# Trout HB's



## Junglefisher (Jun 2, 2008)

I managed to lose all my trout HB's today.
So what works???
I've used Ecogear MX48's and MW's until now. They don't seem to make them any more though.


----------



## Zed (Sep 18, 2006)

Can't go wrong w/ the standard tiny rapalas.


----------



## spork (Jan 21, 2012)

Cobras and Tassie devils.
Have done prwtty well with P21 Crackjack 48 in Carmenred and Gold/silver/orange belly. I know another bloke who loves the P21 Greedyguts 55 in Ayu for them.
Rapalas - F7 and the smaller countdowns are good. I love the "spotted dog" pattern if you can find it.

How did you loose all yours?


----------



## anselmo (Aug 26, 2008)

Sneaky scorpion
Megabass X35
celta (I know its not a HB)
conehead bugger (again, I know its not a HB, but you can cast them on UL spinning gear)
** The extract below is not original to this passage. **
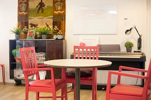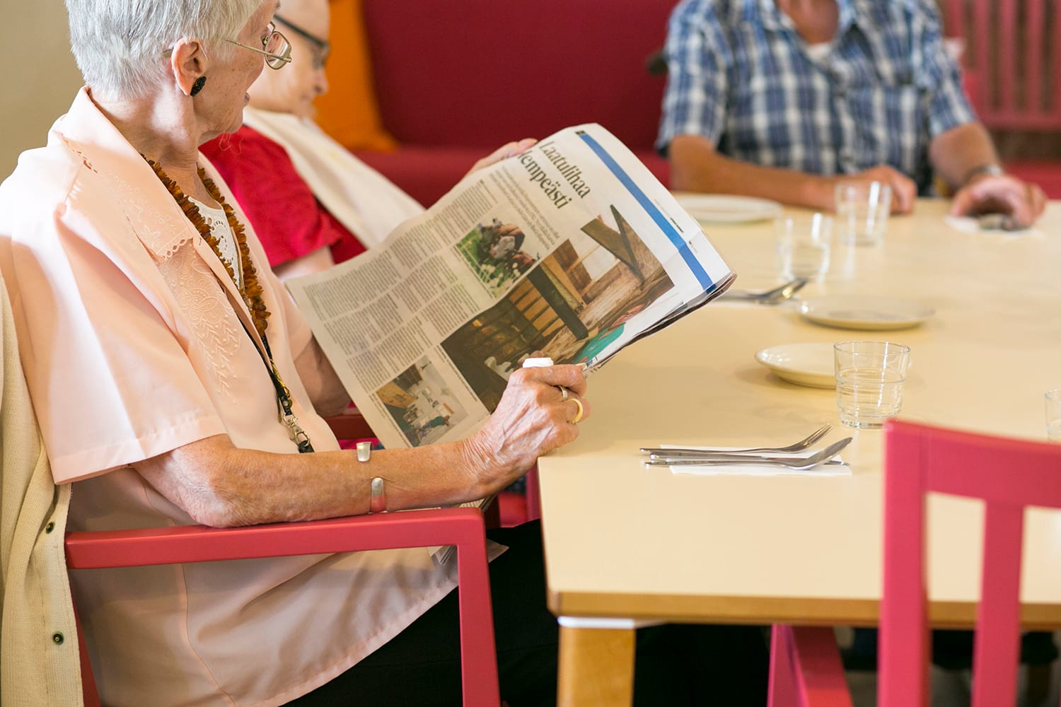 Ruokasali sekä kaksi olohuonetta tarjoavat kattavat tilat yhteiselle toiminnalle. Tilava ja esteetön sauna lämmitetään vähintään kerran viikossa. Erilaisia apuvälineitä käyttäen mahdollistetaan huonompikuntoisemmankin saunominen. Rauhallinen pihapiiri luo puolestaan miellyttävät puitteet ulkoilulle ja aidattu piha on turvallinen myös muistisairaille.

Given you're in Canada ...
Bill Norman Deep Teeny N (or Tiny N - whichever is smaller)


----------



## Junglefisher (Jun 2, 2008)

spork said:


> How did you loose all yours?


viewtopic.php?f=17&t=66385

Those lures really were the goods. I had a few days where I would outfish a mate on his stinker 3:1 using them. I also had a few days where out of 10+ people on a lake, I'd be the only one catching fish.


----------



## Funchy (Dec 3, 2011)

Hey Junglefisher. Are you fishing lakes and deep ones at that?
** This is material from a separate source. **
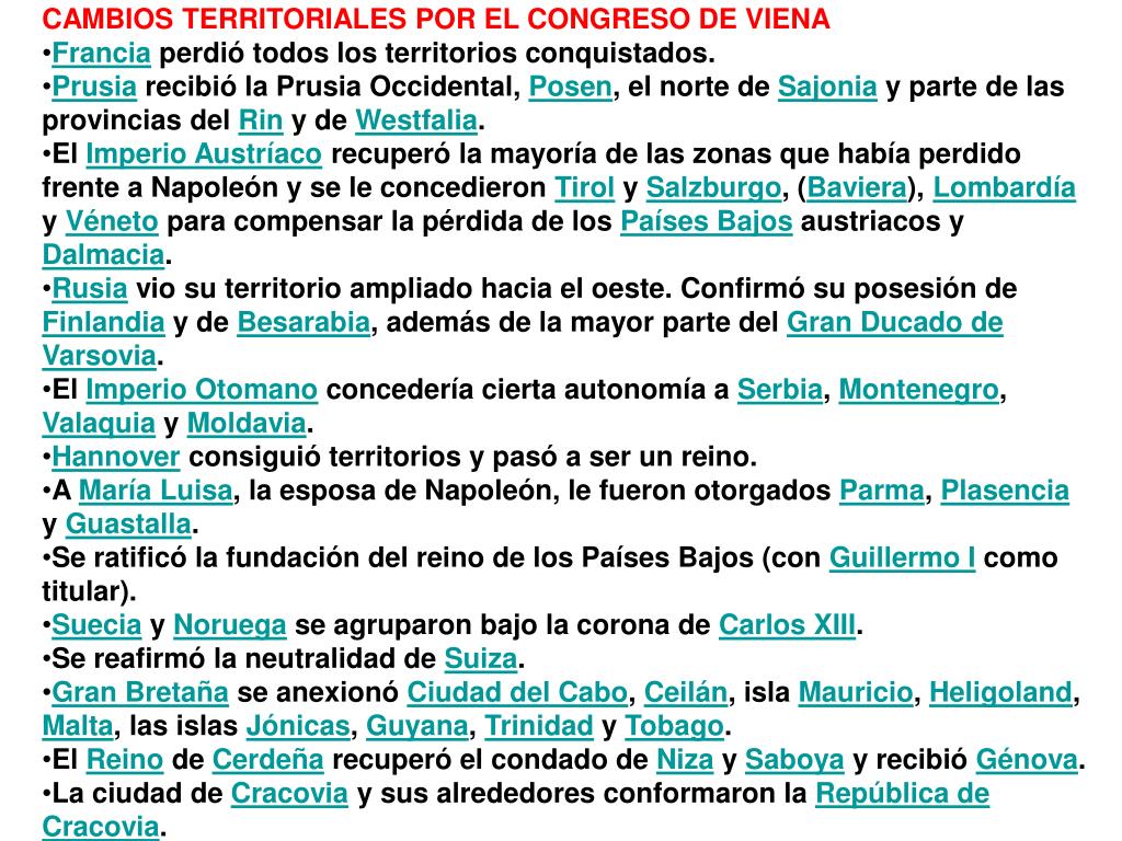 Cambios territoriales Como resultado de las negociaciones sostenidas en el Congreso se decidió: • CAMBIOS TERRITORIALES POR EL CONGRESO DE VIENA • Francia perdió todos los territorios conquistados. • Prusia recibió la Prusia Occidental, Posen, el norte de Sajonia y parte de las provincias del Rin y de Westfalia. • El Imperio Austríaco recuperó la mayoría de las zonas que había perdido frente a Napoleón y se le concedieron Tirol y Salzburgo, (Baviera), Lombardía y Véneto para compensar la pérdida de los Países Bajos austriacos y Dalmacia. • Rusia vio su territorio ampliado hacia el oeste. Confirmó su posesión de Finlandia y de Besarabia, además de la mayor parte del Gran Ducado de Varsovia. • El Imperio Otomano concedería cierta autonomía a Serbia, Montenegro, Valaquia y Moldavia. • Hannover consiguió territorios y pasó a ser un reino. • A María Luisa, la esposa de Napoleón, le fueron otorgados Parma, Plasencia y Guastalla. • Se ratificó la fundación del reino de los Países Bajos (con Guillermo I como titular). • Suecia y Noruega se agruparon bajo la corona de Carlos XIII. • Se reafirmó la neutralidad de Suiza. • Gran Bretaña se anexionó Ciudad del Cabo, Ceilán, isla Mauricio, Heligoland, Malta, las islas Jónicas, Guyana, Trinidad y Tobago. • El Reino de Cerdeña recuperó el condado de Niza y Saboya y recibió Génova. • La ciudad de Cracovia y sus alrededores conformaron la República de Cracovia.

I lived in Utah for a bit and fished for trout mostly in the deep lakes. My most successful way to fish was using tube jigs (happy to pass on some info and rigs if you want, just PM me.) but also used to troll HB's.


----------



## cheaterparts (Jul 3, 2010)

Both rainbow and brown trout pattern Tsanami HBs have caught me fish - Trout and Red Fin have taken then on the troll

http://www.jarviswalker.com.au/tsunami- ... lures.html

they were cheap to about $7 each from Kmart


----------



## Zilch (Oct 10, 2011)

A mate of mine got this on his 1st fishing session, a couple of weeks ago (he was working the snow season at Mt. Norquay), caught on a SX40. I am not sure of the exact species but after measuring where it came to on his rod he said it would of been around 76cm. Only a text photo, so quality is not real good.
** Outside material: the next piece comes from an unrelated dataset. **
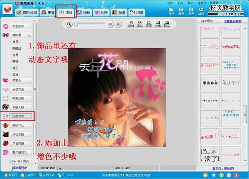 還可以添加上動態(tài)文字呢,在飾品里面就有哦。(*^__^*)嘻嘻……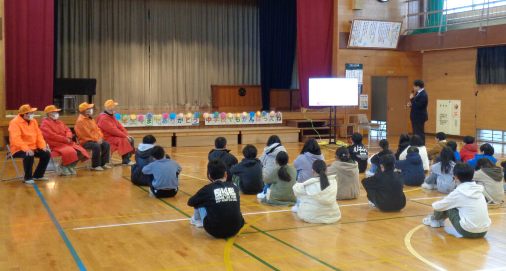 3月の全校朝会・見守り隊への感謝の会

If you enlarge the photo you can see the lure, it looks like it is gold in colour.


















PS. good luck.

Steve


----------



## Stealthfisha (Jul 21, 2009)

yep...x2 conehead woolybugger
x5 hahahah ecogears of most colours....
rivertosea are excellent.....ive seen a mate catch lots of stuff with his go to......good luck find mx48...ive had one for trolling for sambos for 3 years!!!!!!! its my go to...if I ever lose it im gunna cry


----------